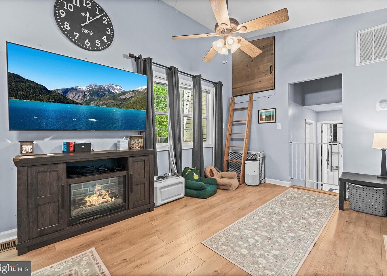 A cozy living room area featuring a large flat-screen TV mounted on a light blue wall, displaying a serene mountain lake scene. Below, a dark wooden media console houses a faux fireplace, enhancing warmth. Soft gray curtains frame the windows, allowing for natural light. A decorative rug with floral patterns adds texture to the wooden floor. A ladder leads to a loft space, while a small air purifier is placed beside a plush green pet bed. Adjacent, a modern lamp provides soft illumination. The overall ambiance blends rustic and contemporary styles, creating a welcoming and relaxing environment.
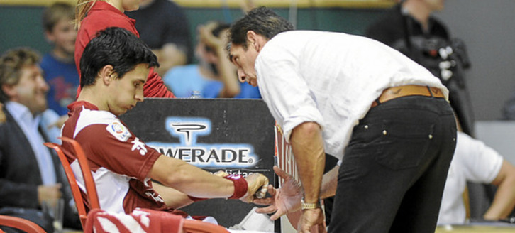 Bajo la atenta mirada de su padre Julián Retegi, el delantero de Aspe se ejercitó durante una hora junto a Jon Jaunarena, que llegó también bastante justo de manos tras su partido del cuatro y medio ante Barriola. Los saques y los restos fueron uno de los aspectos que más trabajaron, además de pelotear un poco para comprobar el estado de su derecha.
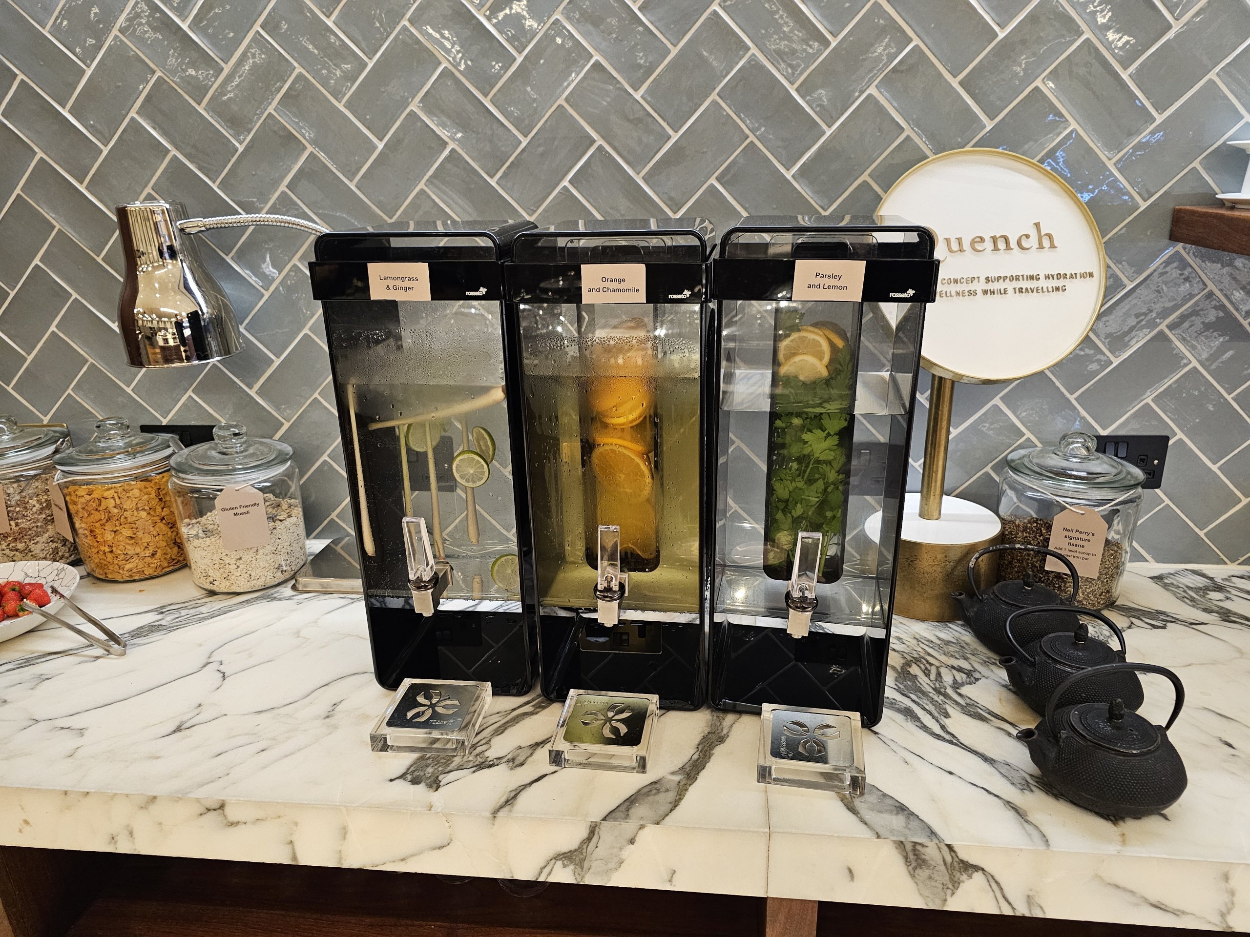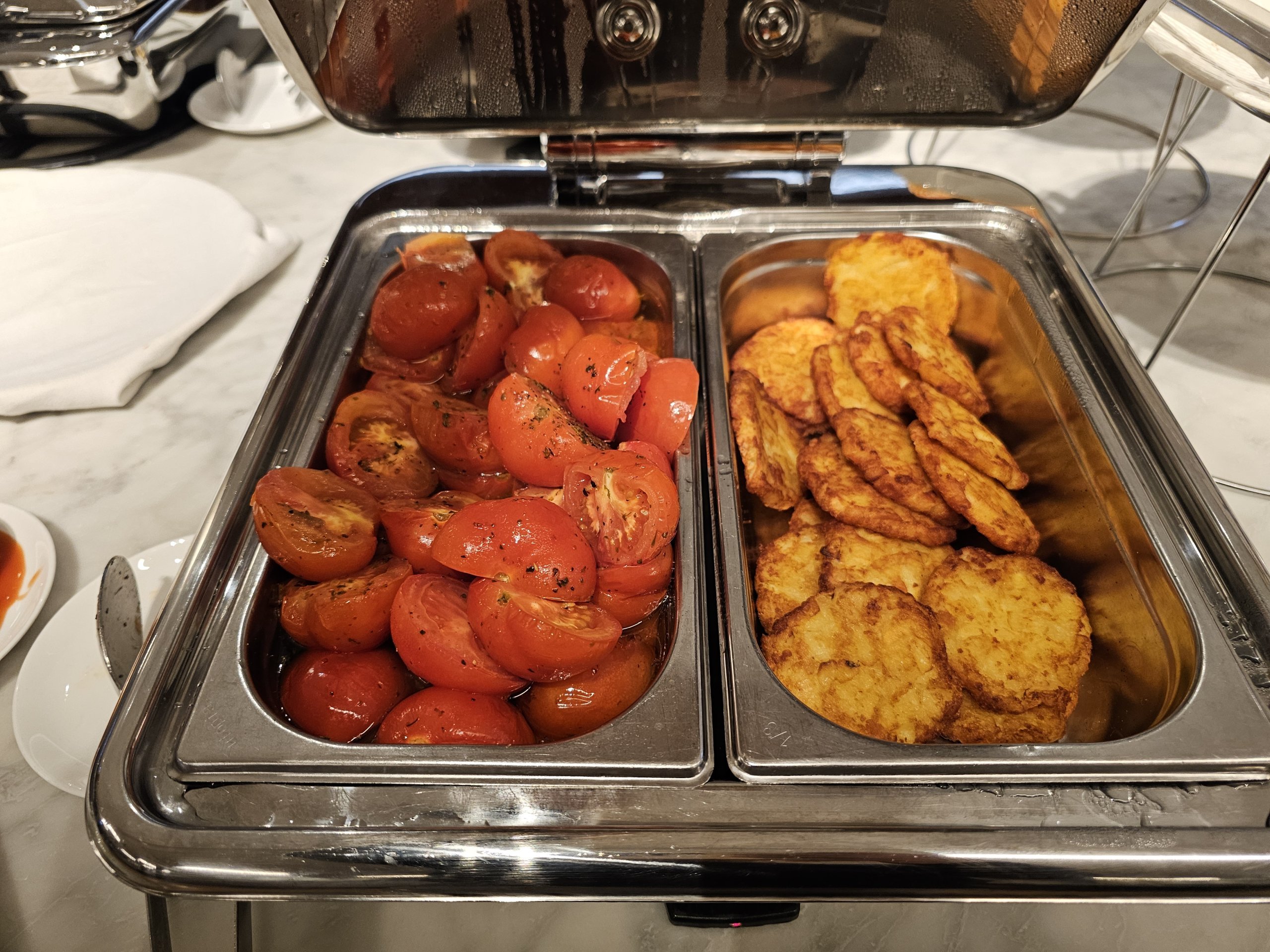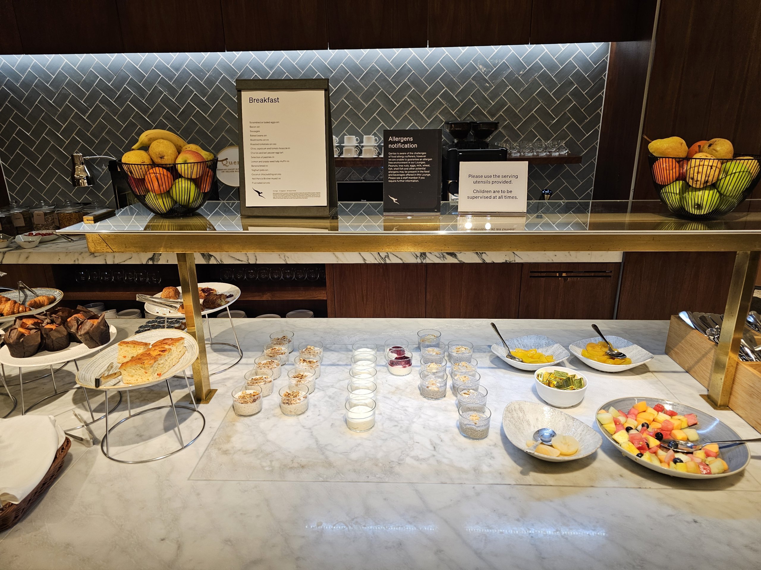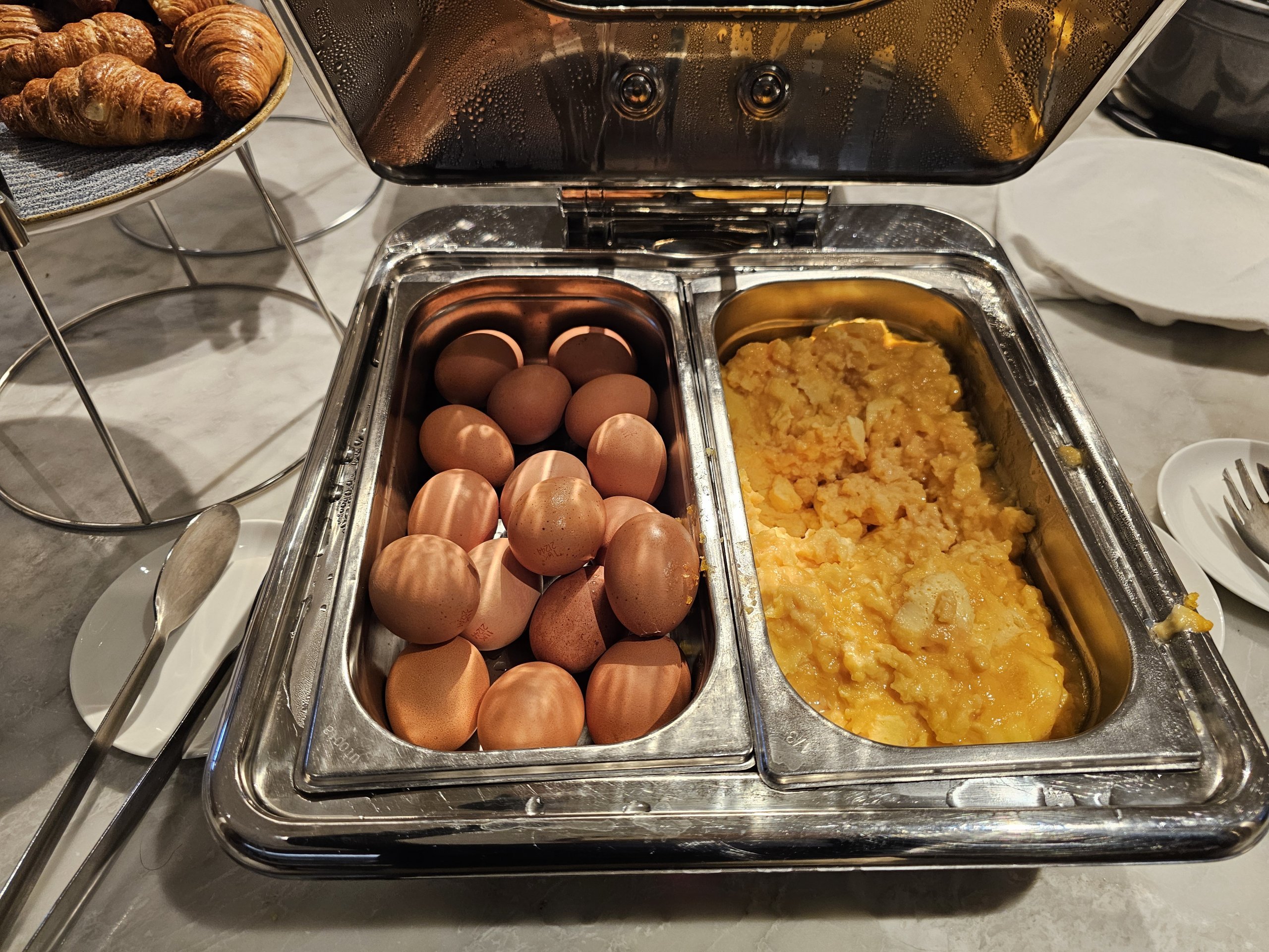 Namun, tidak ada konter yang menyediakan makanan manis lainnya atau mungkin keju atau ham. Secara keseluruhan, penawaran makanannya tidak sebanyak, katakanlah, Cathay Pacific Lounge di sebelahnya.

+++

> [Task requirements]
Write out the lines of the material above exactly, from its first line through the line that contains "Bajo la atenta", so that no picture appears in the copy.

> [The completed task]
 A cozy living room area featuring a large flat-screen TV mounted on a light blue wall, displaying a serene mountain lake scene. Below, a dark wooden media console houses a faux fireplace, enhancing warmth. Soft gray curtains frame the windows, allowing for natural light. A decorative rug with floral patterns adds texture to the wooden floor. A ladder leads to a loft space, while a small air purifier is placed beside a plush green pet bed. Adjacent, a modern lamp provides soft illumination. The overall ambiance blends rustic and contemporary styles, creating a welcoming and relaxing environment.
 Bajo la atenta mirada de su padre Julián Retegi, el delantero de Aspe se ejercitó durante una hora junto a Jon Jaunarena, que llegó también bastante justo de manos tras su partido del cuatro y medio ante Barriola. Los saques y los restos fueron uno de los aspectos que más trabajaron, además de pelotear un poco para comprobar el estado de su derecha.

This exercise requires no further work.